// legal

Privacy Policy

Last updated: February 2026  ·  Effective immediately

// tldr

Sentinel collects zero data about you. Everything it sees stays on your Mac. There are no servers, no analytics, no accounts. Full stop.

// 01

What Sentinel Does Not Collect

Sentinel does not collect, transmit, or store any data on external servers — because there are no external servers. The app has no outbound network requests of its own.

  • No analytics or usage statistics
  • No crash reports sent anywhere
  • No app usage tracking or telemetry
  • No device identifiers or fingerprinting
  • No account creation or registration required
  • No advertising SDKs or third-party libraries

// 02

What Stays On Your Device

Everything Sentinel monitors is stored locally in a CoreData database on your Mac. This includes:

  • Camera and microphone access event logs
  • Network connection records (process, remote host, port)
  • USB and Bluetooth device connection history
  • Your whitelist and blocklist (stored in UserDefaults)
  • App Lock preference and seen-app history

None of this data ever leaves your machine. It is never uploaded, synced, or shared.

// 03

Permissions Explained

Sentinel requests certain macOS permissions to do its job. Here is exactly what each one is used for — and what it is not used for.
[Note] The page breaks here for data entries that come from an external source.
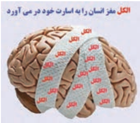
شکل ۵. حتی نوشیدن مقدار اندک مشروب، کاهش اندازه و وزن مغز و از دست رفتن برخی از توانایی‌های فکری فرد را در پی دارد.

الکل عملکردهای سیستم اعصاب مرکزی را تحت تأثیر قرار داده و آثار خود را به صورت عدم تعادل در حرکت، اختلال در تکلم، کاهش تعداد تنفس و کاهش ضربان قلب و فشار خون نشان می‌دهد. با افزایش اختلال در سیستم اعصاب مرکزی، کارکردهای حیاتی به شکل قابل توجهی تحت تأثیر قرار می‌گیرند. در موارد شدید، ممکن است شخص دچار کاهش هوشیاری (کما) و حتی مرگ شود.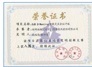
获得第14届发明创新大赛入围奖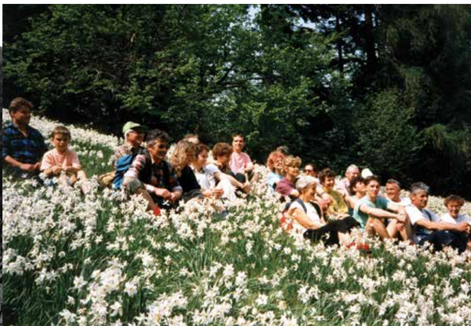
Javorniški rovt, 17. 5. 1992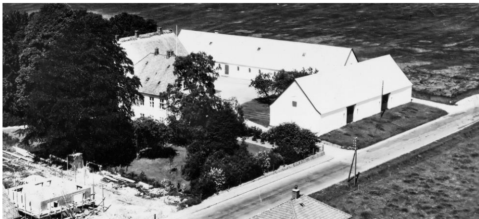
Kongensgave 1953

Johan Jørgen havde mange ideer, bl.a. ville han indrette en moderne hestemølle på gården, i gårdens smedje producerede han en "svingplov", som han fik 5 års eneret på at producere og sælge, men den store økonomiske succes udeblev.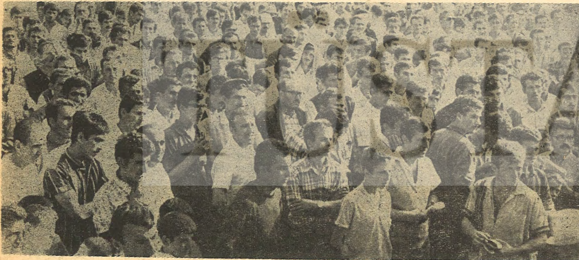
Yaşasın işçiler, yaşasın gençler! Türkiye bizimdir!

Şimdiye kadar konuşma yapan arkadaşlar işçi kardeşlerimizin şikayetlerini dile getirdiler. Bunlar bize bir gerçeği daha gösterdi. O da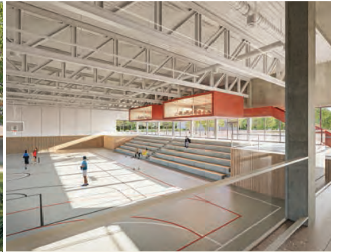
Vizualizácia športovej haly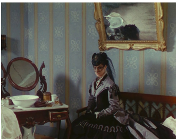
Morte a Venezia , 1971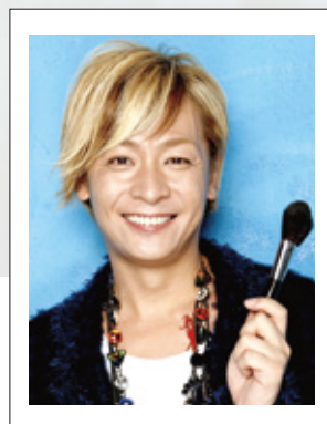
MAKE-UP ARTIST おぐねえー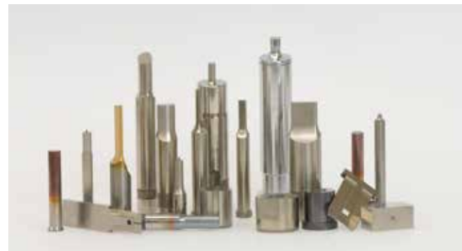
PUNZONI E MATRICI

  • Local Network — to enumerate active TCP/UDP connections via the system network stack. Sentinel reads connection metadata only; it does not intercept packet content.
  • Microphone (monitoring) — to detect when any app activates the microphone hardware via CoreAudio. Sentinel never records audio.
  • Camera (monitoring) — to detect when any app activates the camera via CoreMediaIO. Sentinel never captures video or images.
  • Bluetooth — to list connected and newly paired Bluetooth devices. No data is read from the devices themselves.
  • Accessibility / No Sandbox — Sentinel runs without the macOS sandbox to enable low-level process inspection (identifying which app is using which sensor). This access is used exclusively for monitoring, never for control or data exfiltration.

// 04

Your Data, Your Control

You own everything Sentinel records. You can clear all event history from within the app at any time. Uninstalling Sentinel removes all stored data — there is nothing left behind on any server, because there are no servers.
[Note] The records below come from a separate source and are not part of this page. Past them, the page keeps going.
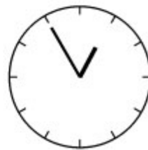
Vijf voor een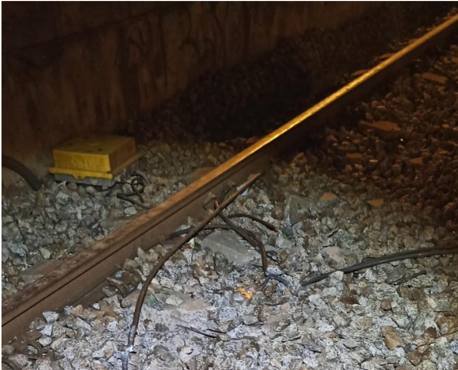
Detalle del cableado cortado de los circuitos de vía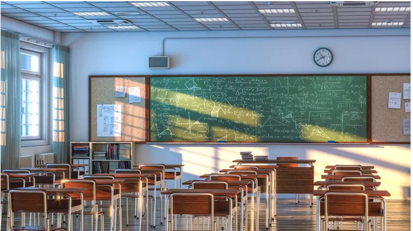
The interior of a school classroom with wooden desks and chairs.

Après d'intenses contrecoups publics, un porte-parole du ministère de l'Éducation dans la capitale de l'État de Basse-Saxe a déclaré: "Le concept éducatif sous cette forme met en danger le bien-être de l'enfant."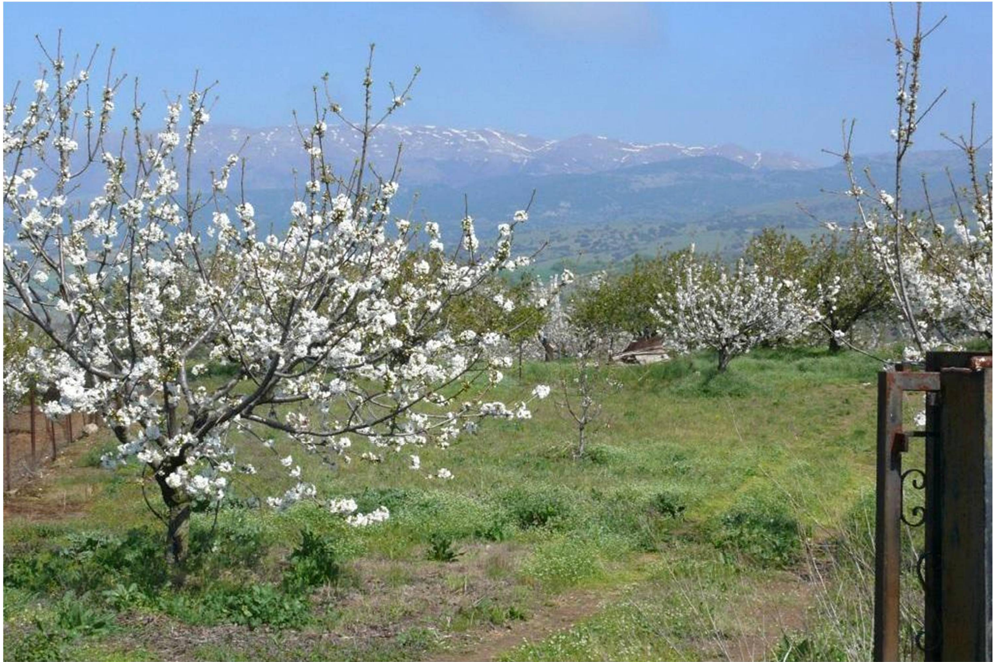
Serres, Gazoros, Krautfluren unter Obstbäumen, Menikion, 16.04.2009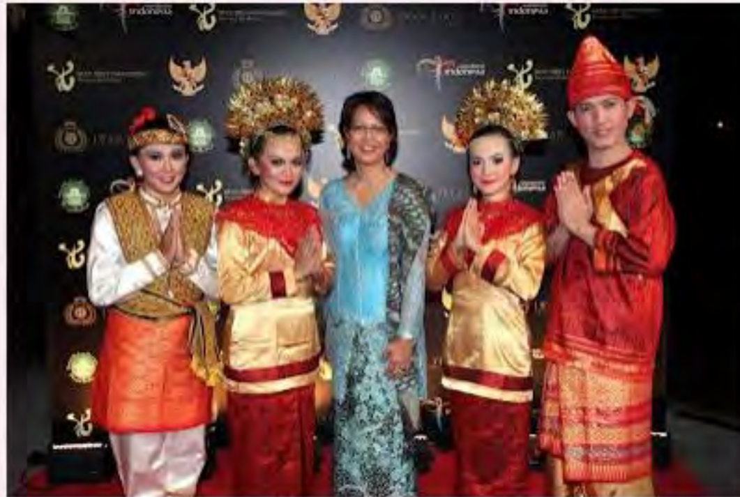
La Embajadora de Indonesia con las bailarinas de danza de Reog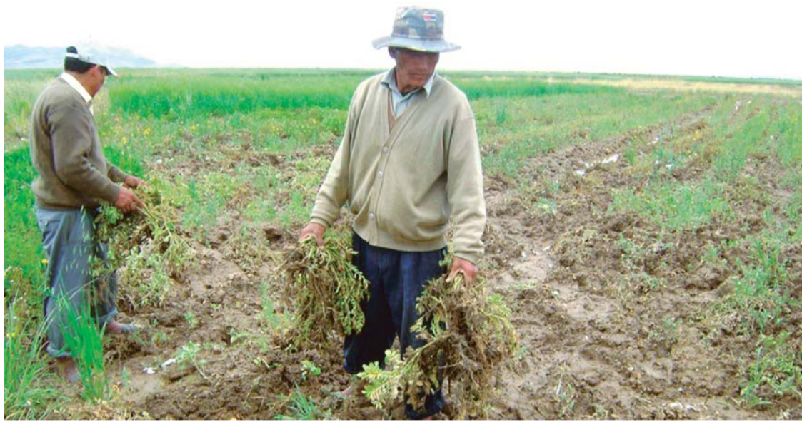
PRODUCTORES DEL OCCIDENTE Y LOS VALLES DE BOLIVIA YA SIENTEN LOS EFECTOS DEL FENÓMENO DE EL NIÑO.

El país dependerá de mayores importaciones de productos básicos en el futuro, ante la ausencia de políticas de prevención del Gobierno frente al fenómeno de El Niño, aseguró el economista Julio Alvarado. Los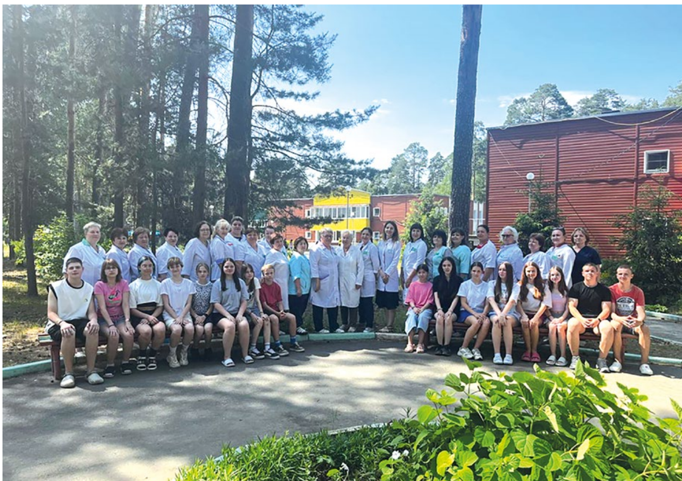
Рис. 10. Санаторий сегодня Sanatorium today

Коллектив санатория продолжает трудиться под девизом «Здоровье Вашего ребёнка — наша профессия!» Имея накопленный опыт работы, огромное желание трудиться в выбранной профессии, работники санатория уверенно смотрят вперёд. Они сегодня, как и все 105 лет, готовы отдавать все силы и душу для лечения каждого маленького пациента (рис. 10).

The Touch ID app lock protects your threat data from other users of your Mac. Biometric data is handled entirely by macOS LocalAuthentication — Sentinel never sees or stores your fingerprint or face data.

// 05

No Third Parties

Sentinel contains zero third-party SDKs, analytics libraries, crash reporters, or advertising frameworks. The only external resources it loads are system fonts at runtime from Google Fonts (this website only — not the app). The macOS app itself makes no outbound connections.

// 06

Open Source

Sentinel is open source. You can read every line of code, verify these claims, and build it yourself. If you find something that contradicts this policy, please open an issue on GitHub.

github.com/sentinel-app/sentinel  ·  MIT License

// 07

Changes to This Policy

If this policy changes, the updated date at the top of this page will reflect it and changes will be noted in the app's release notes. Given the nature of the app — no data collection, no servers — there is very little reason for this policy to ever change.